AoD has varying presentation, and it is described as deceptive and dangerous. It is reported as rare, and most cases are discovered during autopsies. Dissection of the aorta begins with a tear in the intimal layer. This tear permits blood to enter the aortic wall, creating an intramural hematoma that is progressing distally in the aorta. A common site for the initiation of an intimal tear is at the proximal portion of the ascending aorta due to the thrust of blood ejecting from the LV. Upon intimal disruption, blood enters the media permitting dissection. Most patients with AoD have hypertension (80%). [4],[5] The index case was diagnosed hypertensive 2 years prior to presentation. Physical effort or emotional stress elevating pulse pressure is a common trigger of acute AoD, [6] in the index case, acute AoD was triggered by physical exertion during sexual intercourse.

Because a dissection of the aorta has high morbidity and mortality, its protean symptoms must be appreciated. The symptoms may be secondary to the involvement of branch vessels or adjacent structures by the expanding aneurysm. The symptoms and signs may include abrupt chest pain, abdominal pain, back pain, acute myocardial infarction, intra-abdominal disorders and peripheral arterial occlusion disease. [7],[8],[9],[10],[11],[12],[13],[14] In the present case, AoD was not considered at first presentation because of the rarity of this disease entity in our country and the low index of suspicion despite the fact that the patient presented with crushing chest pain and inferior myocardial infarction changes on ECG.

Dissection of the thoracic aorta has been classified anatomically by 2 different methods.

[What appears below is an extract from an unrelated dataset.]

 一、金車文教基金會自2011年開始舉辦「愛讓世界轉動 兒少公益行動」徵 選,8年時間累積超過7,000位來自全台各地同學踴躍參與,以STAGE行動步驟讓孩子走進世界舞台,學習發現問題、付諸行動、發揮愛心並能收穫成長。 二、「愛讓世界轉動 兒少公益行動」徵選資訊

The more commonly used system is the Stanford classification, [15] which is based on the involvement of the ascending aorta and simplifies the DeBakey classification. [16] The Stanford classification divides dissections into 2 types: Type A and type B. Type A involves the ascending aorta (DeBakey types I and II), while type B does not (DeBakey type III). This system helps to delineate treatment. Usually, type A dissections require surgery, while type B dissections may be managed medically under most conditions.

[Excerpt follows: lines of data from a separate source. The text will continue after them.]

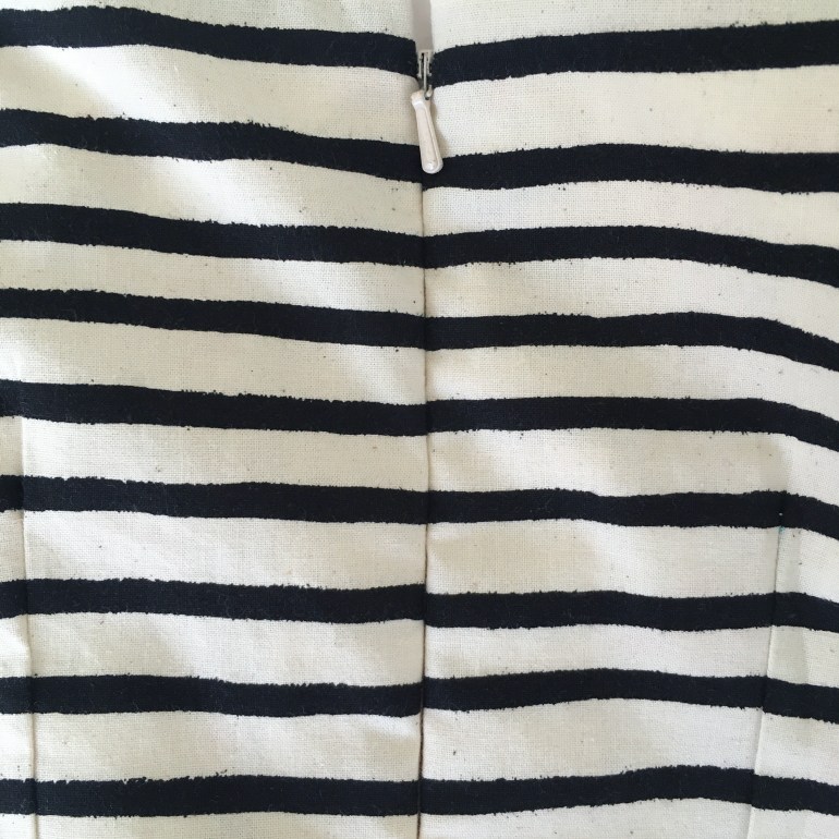 I spent a lot of time pattern matching the zip and I’m glad I did since it turned out quite well! I attached the zip on one side then marked out each stripe on the other side of the zip before attaching to the other side.
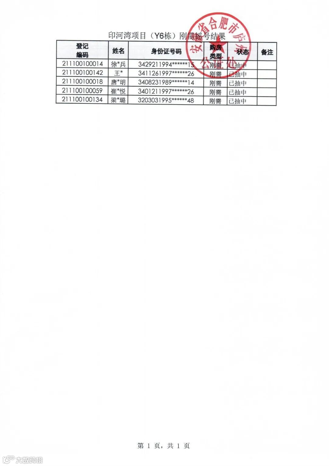 刚需摇号结果: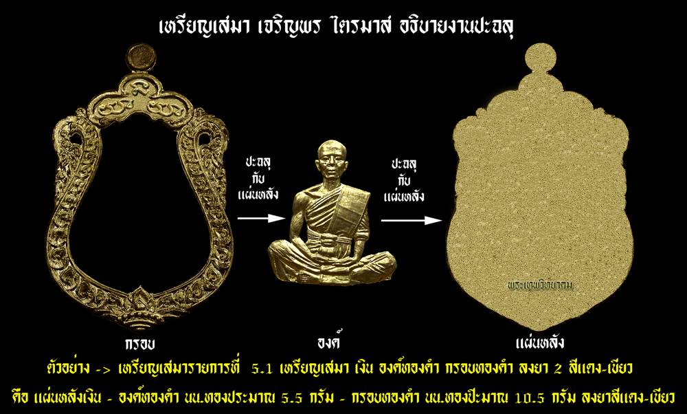 5.1 เสมาเงิน องค์ทองคำ กรอบทองคำ (ปะฉลุ3ชิ้น) ลงยา 2 สี (แดง-เขียว) นน.16 กรัม จำนวน 1 เหรียญ ราคาเหรียญละ 35,500 บาท

The DeBakey classification divides dissections into 3 types, as follows:

  • Type I involves the ascending aorta, aortic arch, and descending aorta
  • Type II is confined to the ascending aorta
  • Type III is confined to the descending aorta distal to the left subclavian artery

Type IIIa originates distal to the left subclavian artery, but extend proximally and distally above the diaphragm.

Type IIIb dissections that originate distal to the left subclavian artery, extend only distally, and may extend below the diaphragm.

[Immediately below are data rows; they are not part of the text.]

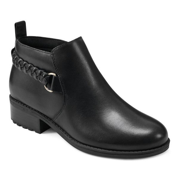 Easy Spirit Roslyn Boot Womens 7 Black Leather Braided Strap Ankle Bootie DDK596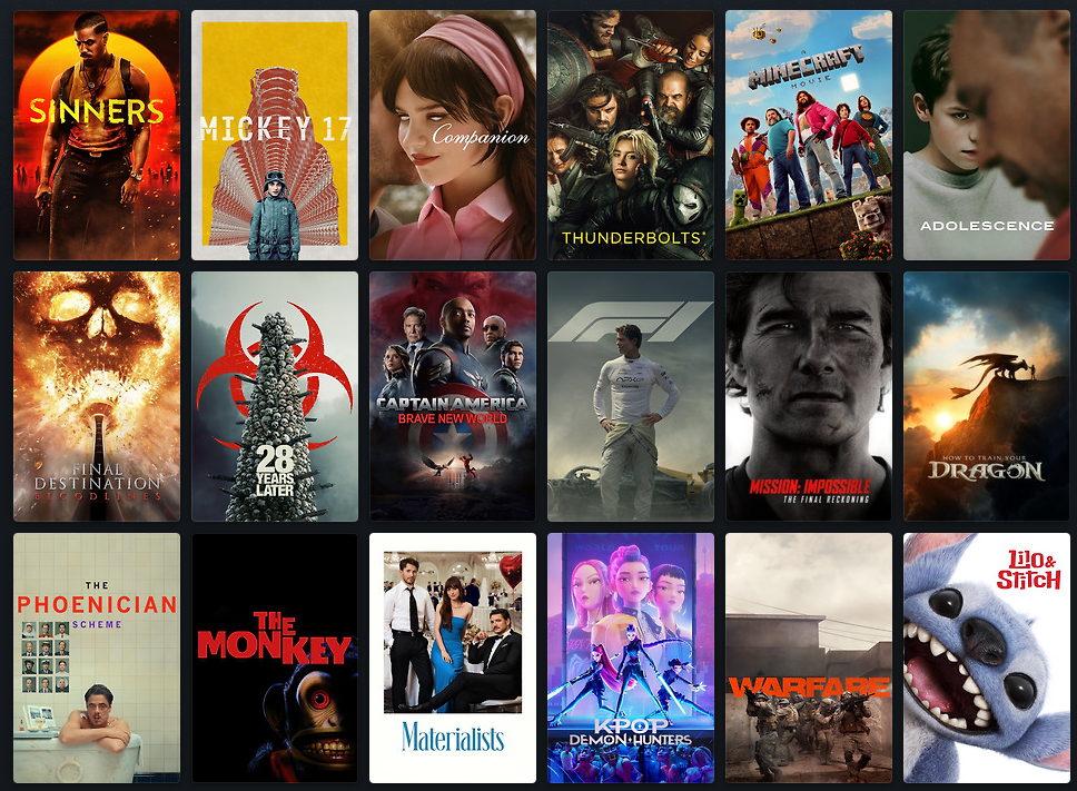 Я хуею самые популярные фильмы 25 года. Какие-то блять рабы-вампиры, корейская срань, пук назначения, пук назначения:обезьяна, очередная баба-робот, опять соевая параша от андерсена, только что была точно такая же, он походу нейронку обучил, эту хуйню бессодержательную клепать. Гоночки по кругу, Том круз бежит опять. Чё смотреть то ёб твою мать.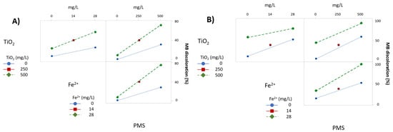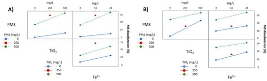 Figure 6 shows the interaction between variables under UV-A and UV-C radiation (Figure 6A,B, respectively). Under UV-A radiation (Figure 6A), PMS interacts strongly with TiO2 and Fe2+; however, there are no interactions between TiO2 and Fe2+ as the plotted lines are almost parallel. The interactions under UV-C are quite different (Figure 6B). Again, there is an interaction between PMS and TiO2, and it can be considered a negative interaction because of the tendency of the lines to cross at some point. This negative interaction can be confirmed by numerical regression, where the standardized value of the effect is -0.16, meaning that high performance in discoloring MB is achieved by the addition effects of PMS by its own, plus the additive effect of TiO2 by its own, and the effect exerted by UV-C, but also that the interaction of the three factors can reduce this additive effect of the three factors. Furthermore, there is a slight interaction between TiO2 and Fe2+ and PMS and Fe2+, but the lines are almost parallel and further statistical analysis is required to confirm the interactions and their significance. In the particular case of the PMS and Fe2+ interaction when subjected to UV-C radiation, a complete degradation of MB was achieved before 10 min, so the interaction plots are underestimated when compared with the effect exerted by PMS on its own. Therefore, interaction plots at 5 min of the experiment were also obtained (Figure 7), showing that the interaction is higher than those experiments at 10 min, but slightly less than the UV-A radiation experiments.

Studies have shown that chest X-ray is not helpful in distinguishing between myocardial infarction and AoD, [7],[17] as seen in our patient. Computed tomographic scan, [18],[19] magnetic resonance imaging, [20] and transoesophageal echocardiography [21],[22] are all validated and sensitive non-invasive procedures that are capable of confirming the diagnosis in over 90% of cases. Computed tomographic angiography was used to confirm diagnosis in the index case. These imaging modalities are used in preference to aortography because of their non-invasiveness, speed, and ease of use. However, the most important thing is to maintain a high index of suspicion, which is a vital lesson learnt in our patient. If a patient with a history of hypertension, presents with an acute and severe symptoms or signs suggestive of vascular origin, particularly if they include chest pain, then AoD should be considered and appropriate investigation and management should be pursued.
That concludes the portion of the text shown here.